Straßennamen sind eine unerlässliche Orientierungshilfe in der Großstadt. Sie sind aber auch Teil der öffentlichen Erinnerung. So haben sich auch in Wien Ereignisse, Schicksale und Persönlichkeiten durch die Benennung von Straßen in das Gedächtnis der Stadt eingegraben. Das „Lexikon der Wiener Straßennamen“ des Josefstädters Peter Autengruber trägt beiden Aspekten Rechnung. Es gibt gar nicht so viele Orte, die man noch benennen kann. Doch kürzlich konnte im Achten ein Platz nach einer verdienten Frau benannt werden. Die 1900 geborene Josefstädterin Trude Waehner hatte sich nicht nur als expressionistische Malerin einen Namen gemacht, sie engagierte sich auch im Kampf gegen den Faschismus. Nun wurde ihr ein Platz gewidmet: der sogenannte Alserspitz an der Einmündung der Skodagasse in die Alser Straße, das Tor zum Achten, das jetzt auch attraktiviert werden soll.

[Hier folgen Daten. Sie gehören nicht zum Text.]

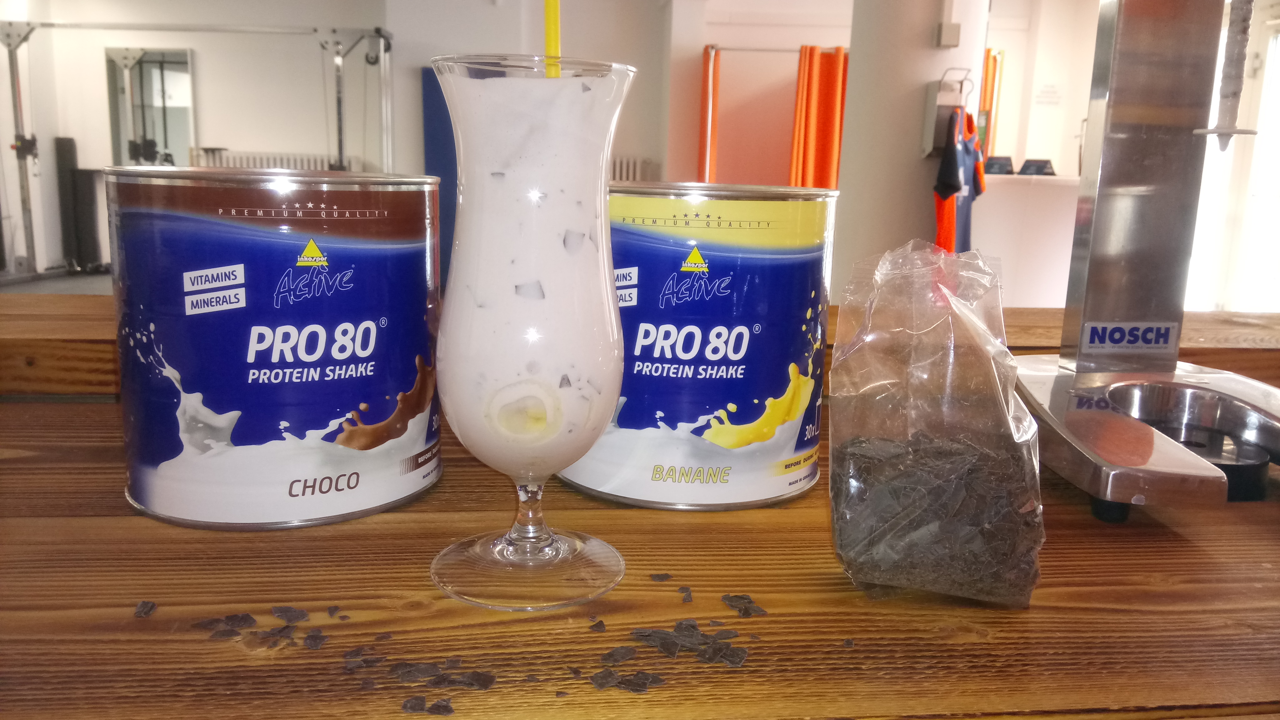 Den Herbst Spezial Bananensplit. Er liefert euch das wichtige Eiweiß nach dem Training, sowie Vitamine und Mineralstoffe aus frischen Bananen. Zartbitterschokolade ist das i-Tüpfelchen auf dem Shake und macht ihn somit zu einem Genuss.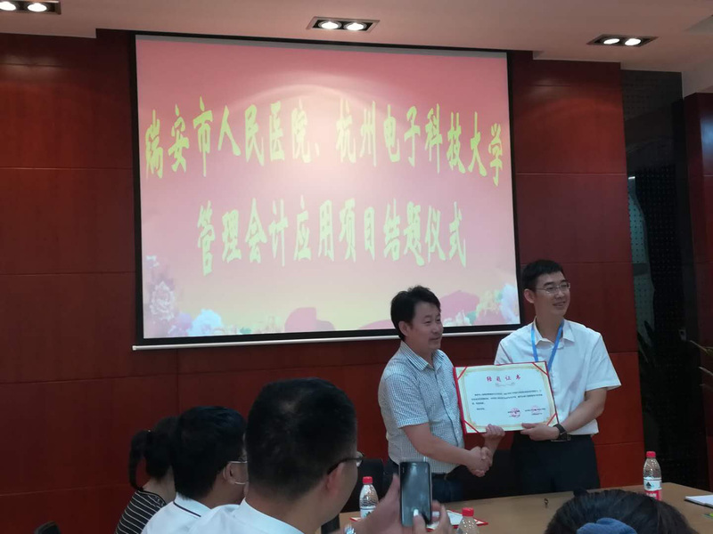 会议伊始,瑞安市人民医院就2016-2018年的管理会计项目举行结题仪式,总会计师陈民与易颜新教授合影留念。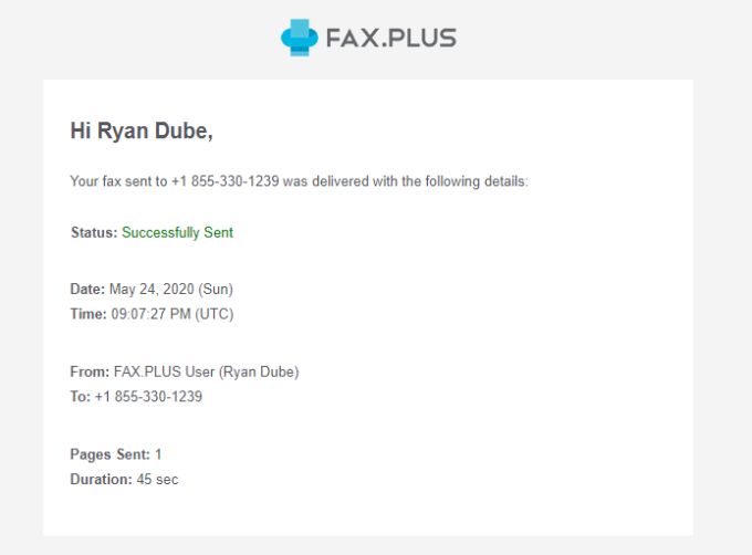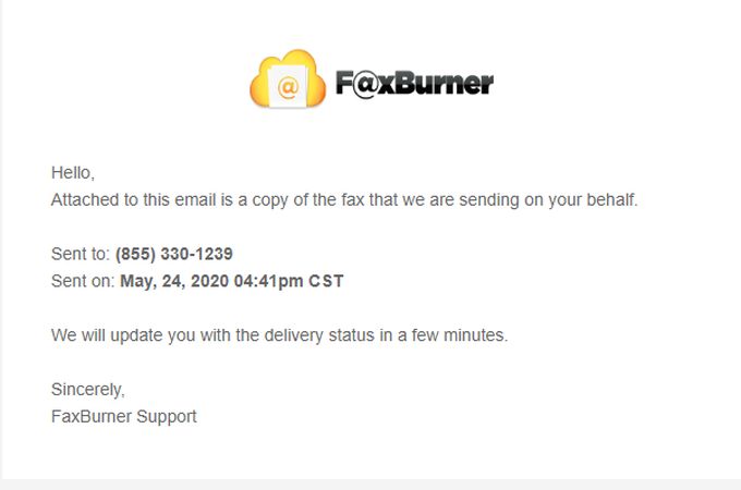 Once you send this email, within less than a minute you should receive a confirmation email back from FaxBurner that your fax was successfully sent.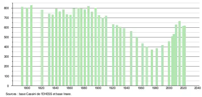 L'évolution du nombre d'habitants est connue à travers les recensements de la population effectués dans la commune depuis 1793. Pour les communes de moins de 10 000 habitants, une enquête de recensement portant sur toute la population est réalisée tous les cinq ans, les populations légales des années intermédiaires étant quant à elles estimées par interpolation ou extrapolation[17]. Pour la commune, le premier recensement exhaustif entrant dans le cadre du nouveau dispositif a été réalisé en 2004[18].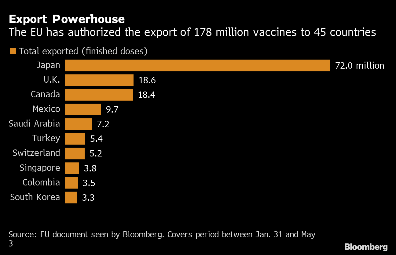 The EU has authorized the export of 178 million vaccines to 45 countries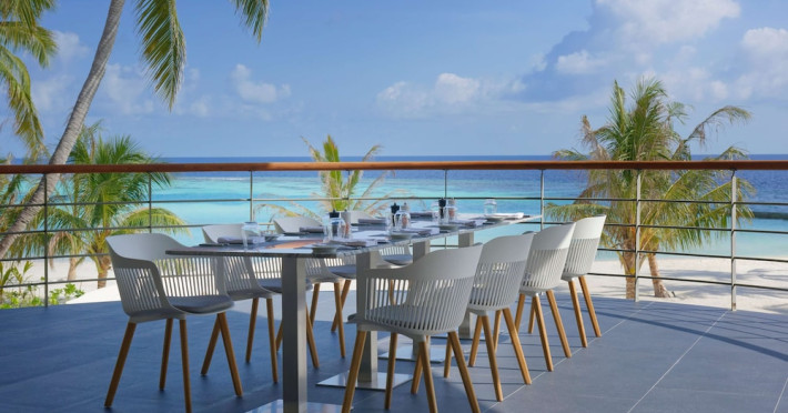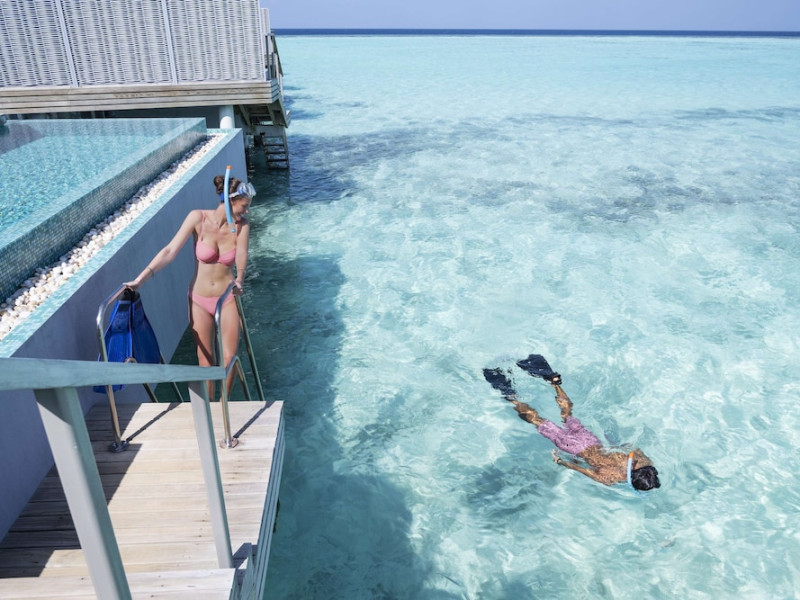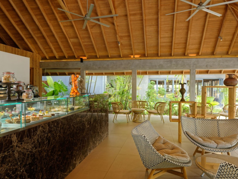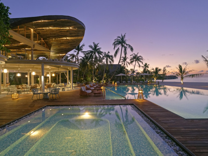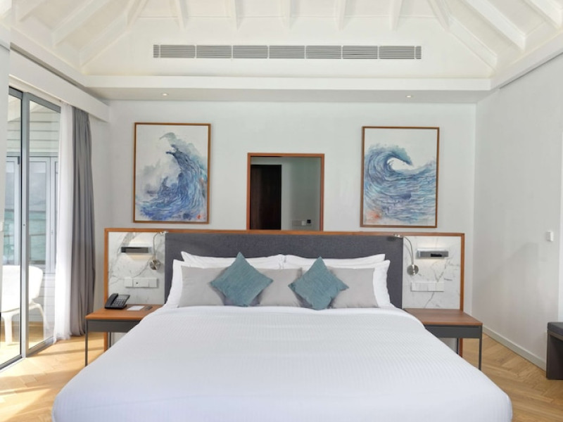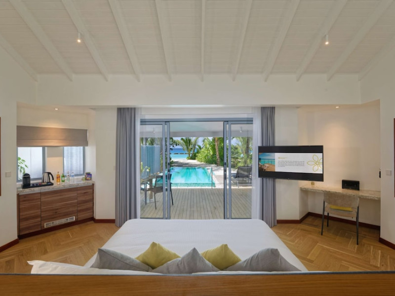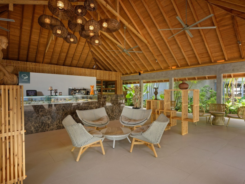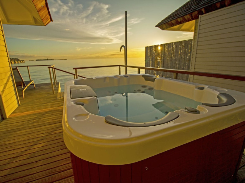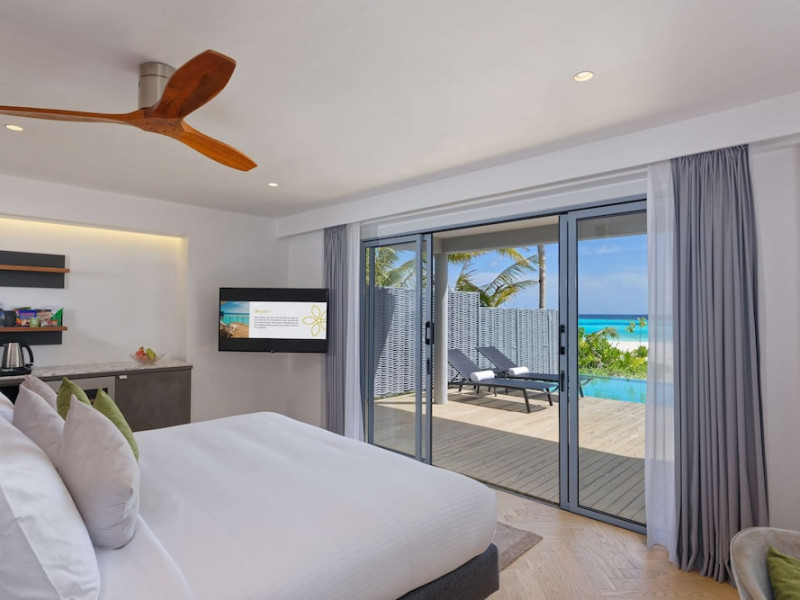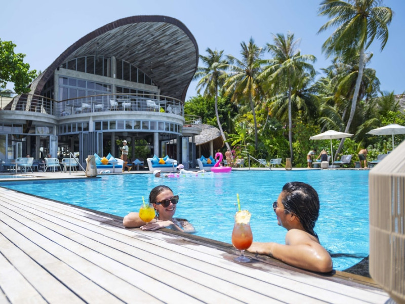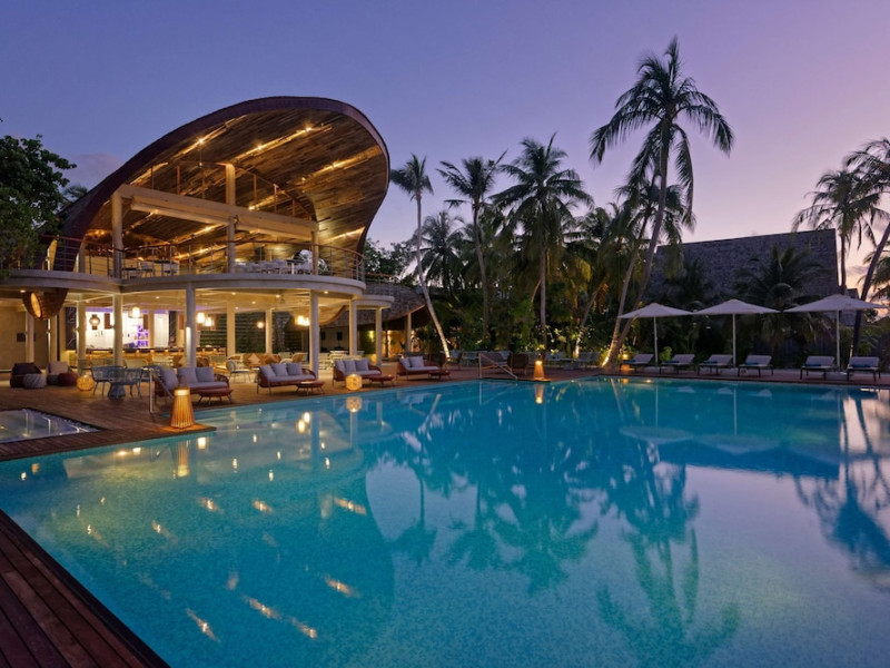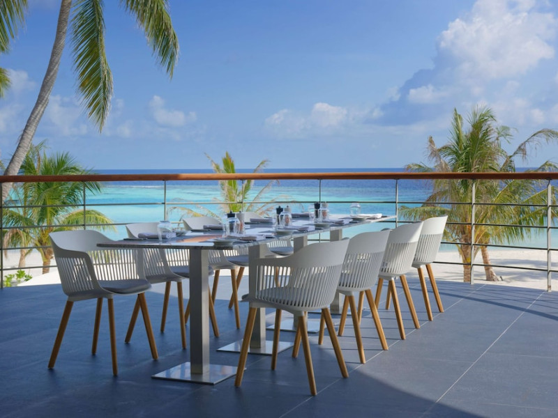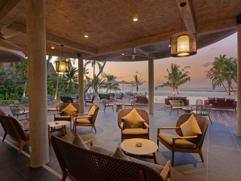 OUTRIGGER Maldives Maafushivaru Resort is a beachfront resort located on a private island in the South Ari Atoll, a 25-minute seaplane flight from Malé International Airport. The island, measuring just over 350 meters, features lush vegetation, powder-white sand, and a house reef teeming with tropical fish. Elegant villas, inspired by local architecture, offer direct beach or sea access. Amenities include an outdoor pool, an indoor pool, a spa offering massages and treatments, complimentary Wi-Fi, concierge services, gift shops, and all-inclusive rate options (some dining restrictions may apply). The resort has four restaurants, a coffee shop/cafe, a bar/lounge, a beach bar, and a poolside bar. A complimentary buffet breakfast is served daily. Additional amenities include dry cleaning/laundry services, a 24-hour front desk, and multilingual staff. Rooms feature air-conditioning, iPod docking stations, LCD televisions, pillowtop beds with down comforters, and bathrooms with separate bathtubs and showers. The resort is within a 5-minute walk of Ari Atoll and Dhangethi Beach and 0.1 km from Bunbaru Public Beach. Velana International Airport (MLE) is 4.5 km away. The OUTRIGGER Maldives Maafushivaru Resort is a Beach Resort, Diving Resort, Honeymoon, Resort, Spa Resort, Tourist, Villa Resort hotel. The nightlife/restaurants are located in the hotel.

▶ Lexikon der Wiener Straßennamen, Peter Autengruber. 2020, ISBN/EAN978-3-903070-11-0. Wundergarten Verlag

 

Leerstandsaktivierung

In der Kochgasse ist während des Sommers erstmals eine großzügige Konstruktion aus Lärchenholz mit Sitzmöglichkeiten samt Tisch, offenem Bücherschrank, schwarzem Brett und Blumenkästen sowie einer Fahrradpumpe aufgefallen. Hier befindet sich das Büro KRW (Kreative Räume Wien – Service für Leerstandsaktivierung und Zwischennutzung), das sich auch mit dem neuen Leben von Erdgeschoßzonen beschäftigt. Seit 2016 befasst sich das Josefstädter Büro im Auftrag diverser Wiener Stadtratsbüros mit den Bereichen Leerstand und Raumnutzung durch Kultur, Soziales, Kreativwirtschaft und Stadtteilarbeit. Ein Schwerpunkt liegt auf der Beratung von Raumsuchenden und Nutzer*innen sowie Liegenschaftseigentümer*innen.

▶ Kreative Räume Wien, Kochgasse 25. www.kreativeraeumewien.at

 

Designer-Flohmarkt

Das „Zimmer“ in der Piaristengasse 6–8 richtet sich neu ein, darum trennt es sich von seinen Designermöbeln (Vitra, Prouvé, Artek, Friso Kramer, Verzelloni …). In Verbindung mit dem Fundus von Julia Eisenburger (House of Clothes) gibt es im „Zimmer“ am 12. September ab 10.00 Uhr einen Flohmarkt – also neben Möbeln auch First- & Second-Hand-Designerkleidung. Heu & Gabel sorgt für den passenden Bio-Feinkost-Gaumenschmaus.  Am 3. Oktober fungiert das „Zimmer“ als Partner der Design Week. Es ist also ganz schön viel los in der hippen Erdgeschoßzone.